Mr Hayes said about 22,000 workers across NSW would be involved.
"This will slow things down dramatically," he said.
However, Mr Hayes said patients would not be put at risk by the strike.
"Patient safety is paramount. We will not endanger patient security," he said.
He said the union covered all hospital workers and paramedics "except for doctors and nurses."
This will slow things down dramatically
- Gerard Hayes, Health Services Union secretary
Mr Hayes said staff and the union were fed up with stabbings and attacks on staff at public hospitals.
"It is a little bit more significant for Orange with [the stabbing death of a nurse at Bloomfield hospital in 2011]," he said.
"That is the level of violence that is becoming more and more commonplace across NSW hospitals," he said.
Mr Hayes said the August 1 strike was just the start of the union's planned action.
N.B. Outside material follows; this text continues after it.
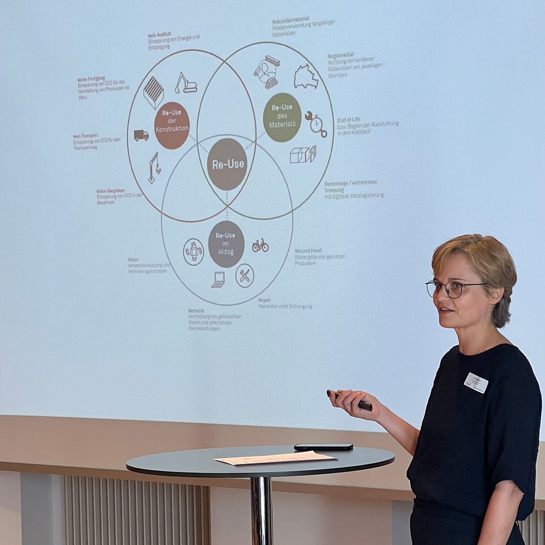 Um das Thema möglichst umfassend zu beleuchten, lud das Kompetenzteam Referentinnen und Referenten mit verschiedenen Blickwinkeln ein. Aus Perspektive der Kommunen als Bauherrschaft berichtete der Baubürgermeister der Landeshauptstadt Peter Pätzold, die Sicht des Berufsstandes nahm Vera Hartmann von sauerbruch hutton ein. Tobias Riffel, Geschäftsführer der Firma Riffel Bau & Fertigteile – ein Hersteller von Modulen – präsentierte aus dem Blickwinkel der mittelständischen Bauwirtschaft. Komplettiert wurde das Feld von IBA-Intendant Andreas Hofer und dem Präsidenten der Architektenkammer Bremen, Oliver Platz.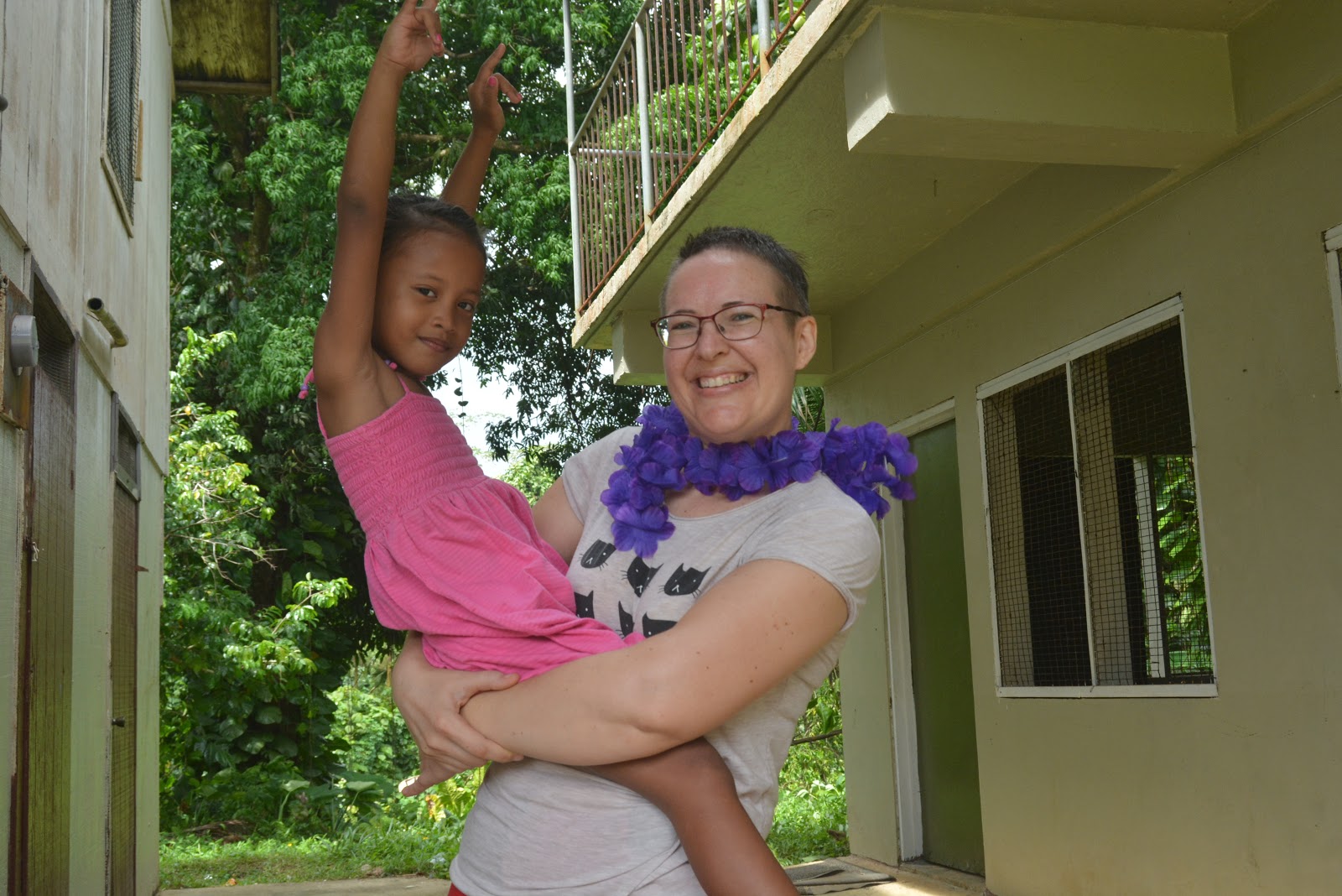 Eturivissä kotimatkalle lähtijät seppeloityinä, kuten maan tapoihin kuuluu. In the first row are those who were leaving. Local way to say goodbye is to give a lei. |

"This won't be the end of it," he said.
"We've seen too many people stabbed, too many people shot, too many people who have been spat upon or punched."
He described the situation as "dire" and said when it came to violence staff at the Orange Health Service had the same experience as staff at other NSW hospitals.
He said rolling stoppages would start on August 1, and would escalate until the matter was resolved.
He said it was appalling that since a statewide review in 2016, nothing has been done to address it.
"It's been three years, and nothing has changed," he said.
Mr Hayes said he would be meeting with NSW health department officials on Friday about the planned action.
A NSW Health spokeswoman said the department would seek the assistance of the NSW Industrial Relations Commission to resolve any planned industrial action.
She said there has been an increase in security staff from 974 full-time equivalent staff in 2010 to 1243 in 2018 across NSW.
The NSW Nurses and Midwives' Association said nurses and midwives offered their in-principle support to the HSU members who voted to take industrial action.
"However, rostered nurses and midwives will remain at the bedside in hospitals and other health settings across the state," a statement from the NSWNMA said on Tuesday.
"Current violence prevention measures are clearly inadequate and require urgent attention," it said.